(DATA FOR THIS TASK Opens)

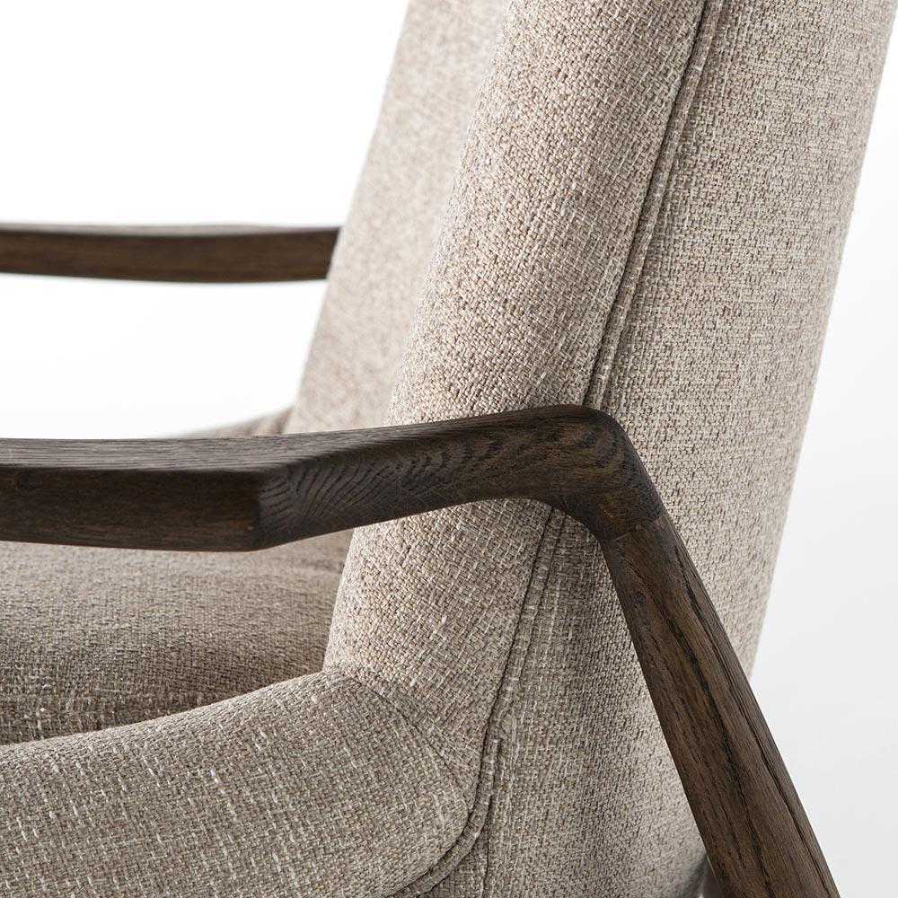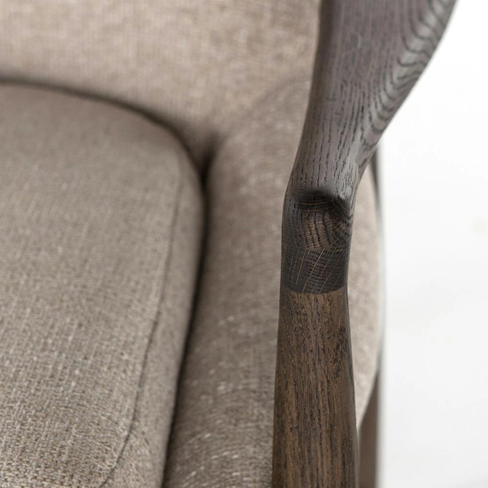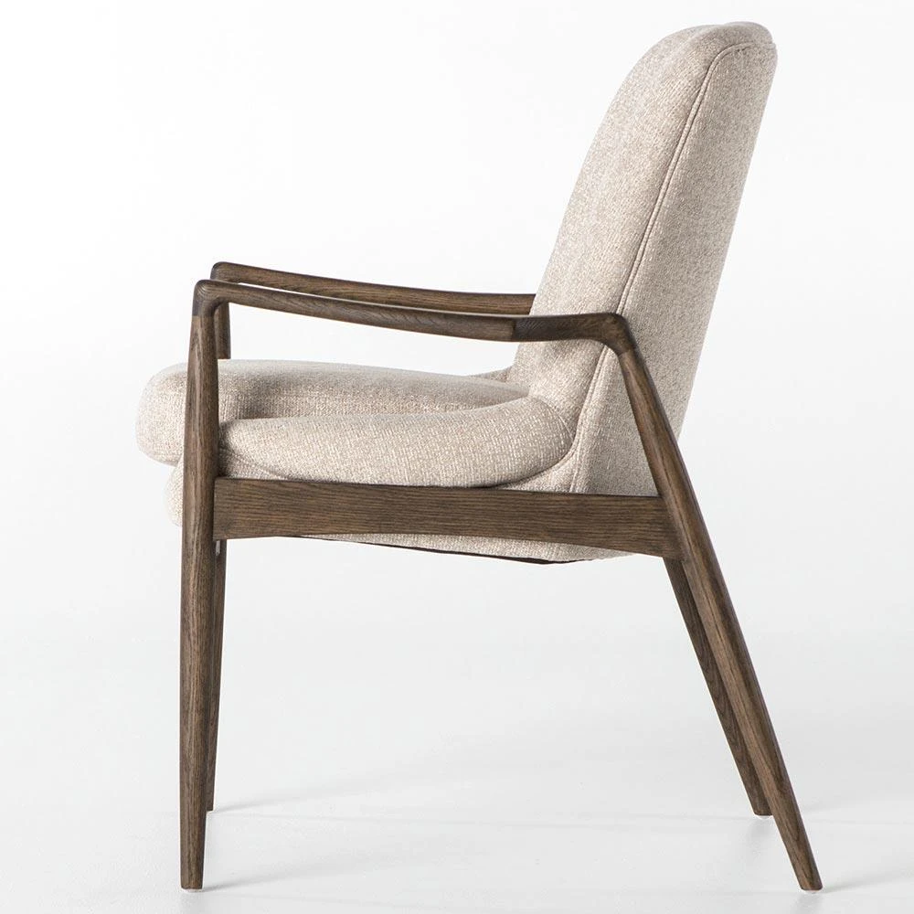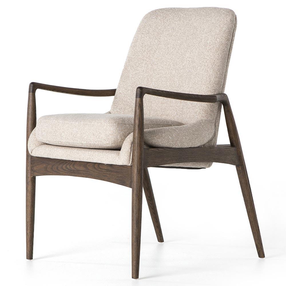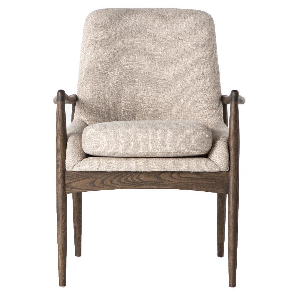 Olena Mid Century Modern Beige Upholstered Brown Wood Dining Arm Chair
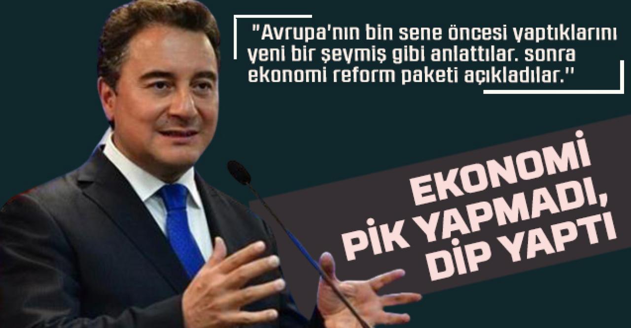 Türkiye'de DEVA öncesi ve DEVA sonrası siyasetin farklı olacağını belirten Ali Babacan, iktidarın milleti borçlandırdığını dile getirdi.Hükümetin açıkladığı insan hakları paketini de eleştiren Babacan, "Avrupa'nın bin sene öncesi yaptıklarını yeni bir şeymiş gibi anlattılar. Sonra, Ekonomi, Son Dakika Ekonomi Haberleri, Ekonomi Son Dakika'>ekonomi reform paketi açıkladılar. Sayın Erdoğan ekonomi uçuyor pik yapıyor diyor, sürekli paket açıklayıp duruyor. Biz söyledik ekonomi pik yapmadı, dip yaptı görmüyor musunuz? Yüzü gülen esnaf yok. Maliyetler artmış ama vatandaşların satın alma gücü artmamış. Ama hükümet ekonomi pik yapmış diyor" ifadelerini kullandı.
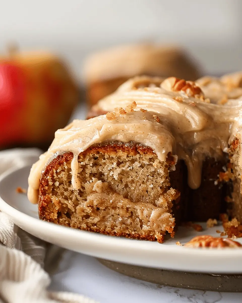 Delight in this rich and flavorful apple spice cake topped with a luscious brown sugar icing.
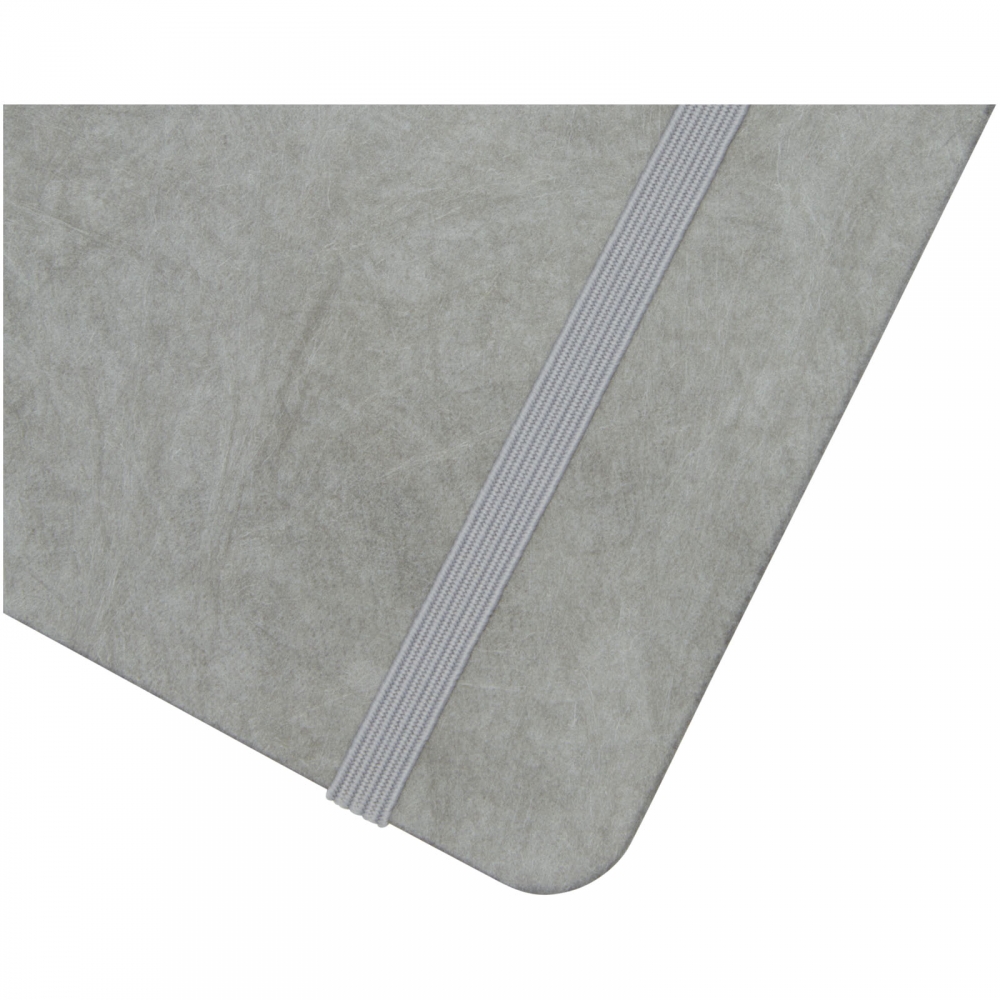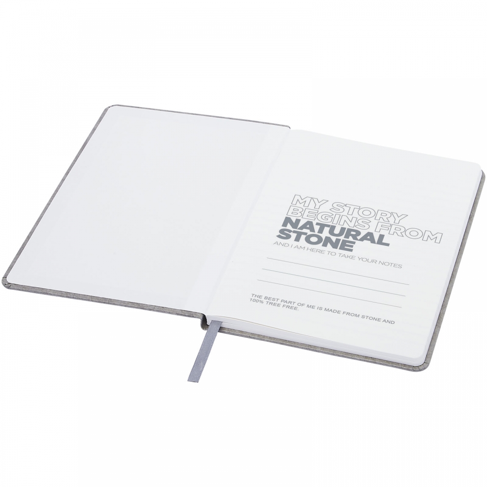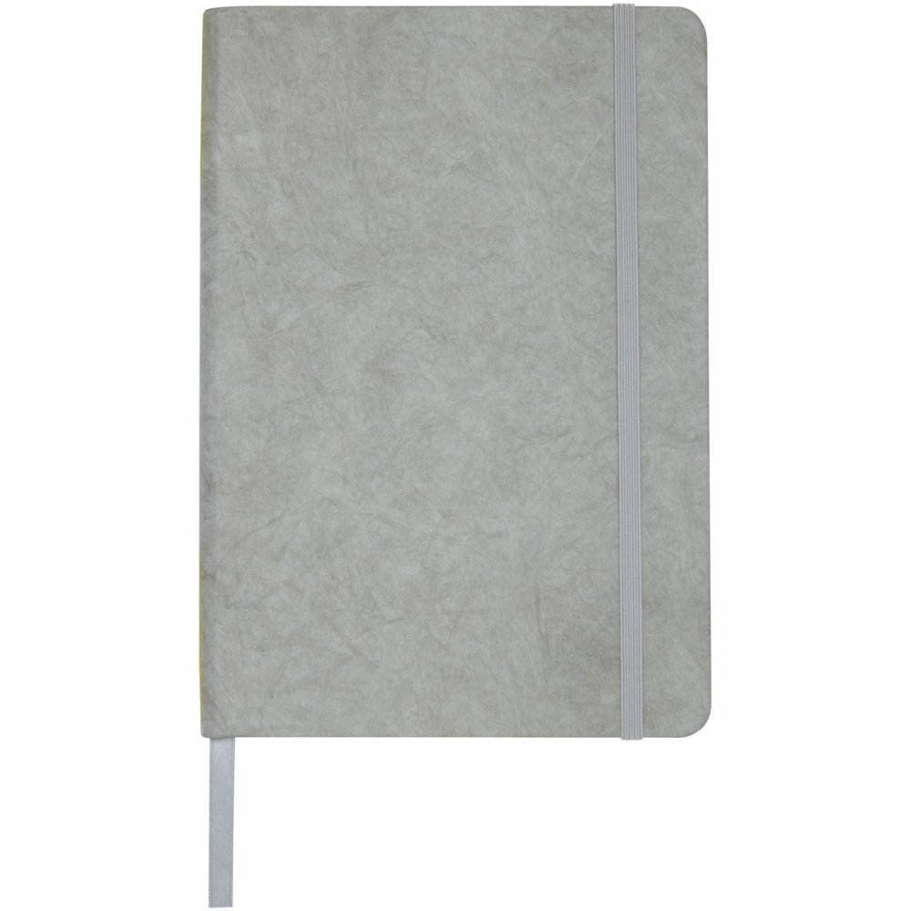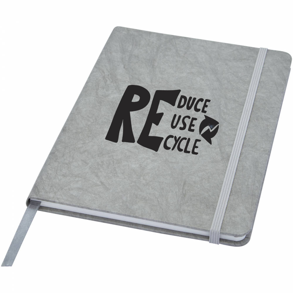 Artikel-Nr: CPO10774182A5 reißfestes Notizbuch mit Inhaltsseiten aus Steinpapier. Steinpapier ist 100 % holzfrei und der Produktionsprozess verbraucht weniger Energie als recyceltes oder neues Zellstoffpapier. Es ist wasserbeständig, sodass verschüttete Flüssigkeiten leicht abgewischt werden können. Verfügt über ein farblich abgestimmtes Leseband und ein Elastikband sowie 60 Blatt, 120 g / m² linierte Inhaltsseiten aus Steinpapier. Verpackt in einer Kartonhülle.
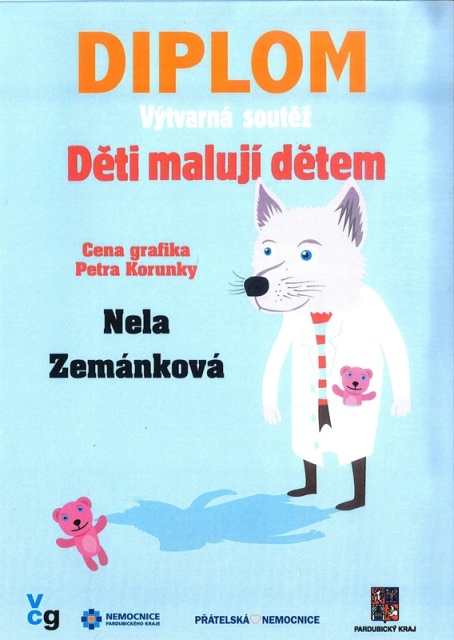 V listopadu se žáci naší školy zúčastnili výtvarné soutěže Děti malují dětem, kterou vyhlásila akciová společnost Nemocnice Pardubického kraje v rámci programu Přátelská nemocnice. Velkým úspěchem bylo ocenění obrázku naší žákyně Nely Zemánkové z 5.B cenou grafika Petra Korunky. Blahopřejeme.
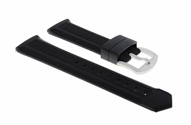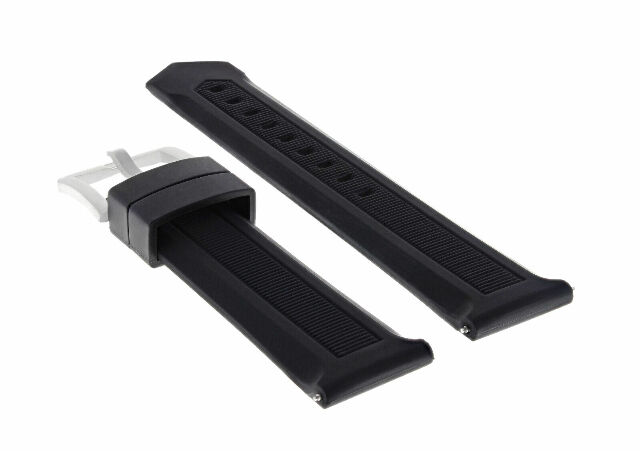 This strap is made of soft PVC rubber for comfort and durability. No logo or markings on the strap. Buckles are made of stainless steel and are interchangeable with original buckles.
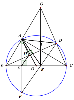 Cho \(\Delta ABC\,\,\,\left( {AB < AC} \right)\) nội tiếp đường tròn tâm \(O\) đường kính \(BC\) cố định, điểm \(D\) bất kì thuộc cung nhỏ \(AC\)\(\left( {D \ne A,\,\,D \ne C} \right).\) Tia \(BA\) cắt tia \(CD\) tại điểm \(G.\) Điểm \(I\) là giao điểm của \(BD\) và \(AC.\) Kẻ \(AE\) vuông góc với \(BC\) tại điểm \(E,\) đường thẳng \(AE\) cắt đường tròn \(\left( O \right)\) tại điểm thứ hai là \(F.\) Gọi \(H\) là hình chiếu vuông góc của điểm \(A\) trên \(BD,\,\,K\) là giao điểm của \(BC\) và \(DF.\) Chứng minh:

(DATA FOR THIS TASK Closes)

▸ YOUR GOAL
Using the records above, output an exact copy without any pictures.

▸ RESPONSE FOR THIS EXERCISE
 Olena Mid Century Modern Beige Upholstered Brown Wood Dining Arm Chair
 Türkiye'de DEVA öncesi ve DEVA sonrası siyasetin farklı olacağını belirten Ali Babacan, iktidarın milleti borçlandırdığını dile getirdi.Hükümetin açıkladığı insan hakları paketini de eleştiren Babacan, "Avrupa'nın bin sene öncesi yaptıklarını yeni bir şeymiş gibi anlattılar. Sonra, Ekonomi, Son Dakika Ekonomi Haberleri, Ekonomi Son Dakika'>ekonomi reform paketi açıkladılar. Sayın Erdoğan ekonomi uçuyor pik yapıyor diyor, sürekli paket açıklayıp duruyor. Biz söyledik ekonomi pik yapmadı, dip yaptı görmüyor musunuz? Yüzü gülen esnaf yok. Maliyetler artmış ama vatandaşların satın alma gücü artmamış. Ama hükümet ekonomi pik yapmış diyor" ifadelerini kullandı.
 Delight in this rich and flavorful apple spice cake topped with a luscious brown sugar icing.
 Artikel-Nr: CPO10774182A5 reißfestes Notizbuch mit Inhaltsseiten aus Steinpapier. Steinpapier ist 100 % holzfrei und der Produktionsprozess verbraucht weniger Energie als recyceltes oder neues Zellstoffpapier. Es ist wasserbeständig, sodass verschüttete Flüssigkeiten leicht abgewischt werden können. Verfügt über ein farblich abgestimmtes Leseband und ein Elastikband sowie 60 Blatt, 120 g / m² linierte Inhaltsseiten aus Steinpapier. Verpackt in einer Kartonhülle.
 V listopadu se žáci naší školy zúčastnili výtvarné soutěže Děti malují dětem, kterou vyhlásila akciová společnost Nemocnice Pardubického kraje v rámci programu Přátelská nemocnice. Velkým úspěchem bylo ocenění obrázku naší žákyně Nely Zemánkové z 5.B cenou grafika Petra Korunky. Blahopřejeme.
 This strap is made of soft PVC rubber for comfort and durability. No logo or markings on the strap. Buckles are made of stainless steel and are interchangeable with original buckles.
 Cho \(\Delta ABC\,\,\,\left( {AB < AC} \right)\) nội tiếp đường tròn tâm \(O\) đường kính \(BC\) cố định, điểm \(D\) bất kì thuộc cung nhỏ \(AC\)\(\left( {D \ne A,\,\,D \ne C} \right).\) Tia \(BA\) cắt tia \(CD\) tại điểm \(G.\) Điểm \(I\) là giao điểm của \(BD\) và \(AC.\) Kẻ \(AE\) vuông góc với \(BC\) tại điểm \(E,\) đường thẳng \(AE\) cắt đường tròn \(\left( O \right)\) tại điểm thứ hai là \(F.\) Gọi \(H\) là hình chiếu vuông góc của điểm \(A\) trên \(BD,\,\,K\) là giao điểm của \(BC\) và \(DF.\) Chứng minh:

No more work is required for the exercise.